I am very thankful that you have allowed me to stay in your home. It has been very stressful for me recently, with the flying away from that dreadful cage and immediately being set on fire. It was very kind of you to take me in.

I understand that this must be most confusing, as I am a cockatoo and should by all means be completely unable to write a letter of any sort. I don't quite understand it myself. I do believe it has something to do with mutations, though I do not know of the technicalities.

I am sure that you are wondering why I flew away from my cage in the first place. The reason is quite simple, really. You see, I have a rather unpleasant fear of small, enclosed spaces. I believe it is called 'claustrophobia' to you humans, and the cage that the Alders family kept me in was as small and enclosed as cages can be bought in any store. So when, one day, I was playing with the latch on the door to my undersized cage and it swung open, I of course left.

And, oh my, was it ever so lovely to stretch my wings again. I went much farther then I should have, until I couldn't feel the tips of my wings any longer. After this occurred point I decided that perhaps it would be best for me to rest for a little while, as it wouldn't do to fall right out of the sky, and I alighted on a large, flat roof on a building of some sort.

I was marvelling at the freedom of being free, and would have been quite content to never see another human being as long as I lived simply because they had kept such a magnificent experience from me my entire life.

And then the whole building I was resting on was suddenly on fire.

Now, if I'd been paying attention I would have sooner realized that the building had a rather strong smell of gasoline, even though my own sense of smell is very poor.
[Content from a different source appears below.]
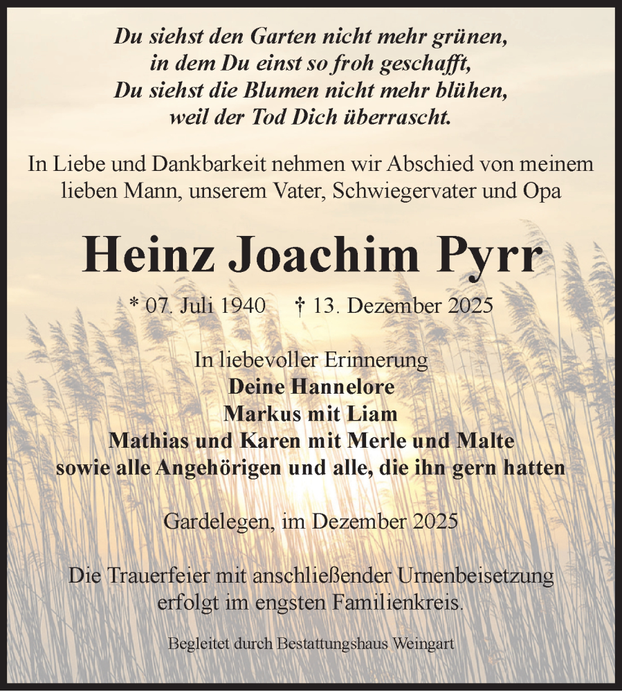 Hier finden Sie alle Traueranzeigen aus der Zeitung, die bisher für Heinz Joachim Pyrr erschienen sind. Weitere Traueranzeigen, die in der Zeitung erscheinen, werden hier ebenfalls aufgelistet
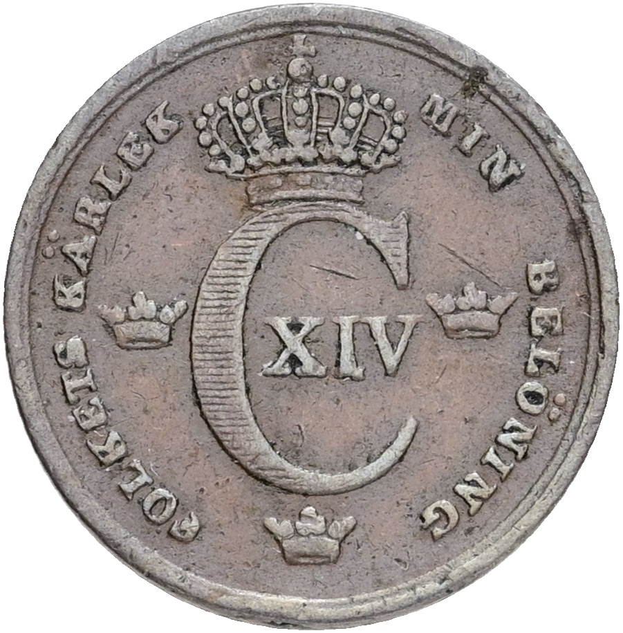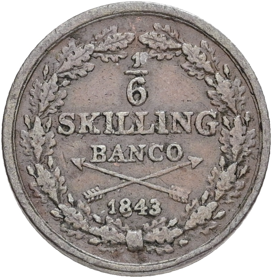 Sverige, Karl XIV Johan, 1/6 skilling 1843, SM 175, 1+

Perhaps it was poor luck, or perhaps karma, or perhaps it was fate that caused me to land on that particular roof, but no matter what led me to that moment, I was on fire quite literally.

I immediately tried to fly from the inferno, but with a combination of newly-charred wings and exhaustion from my long excursion, I only made it several meters away from the roof before I plummeted all the way down to the hard, cruel concrete.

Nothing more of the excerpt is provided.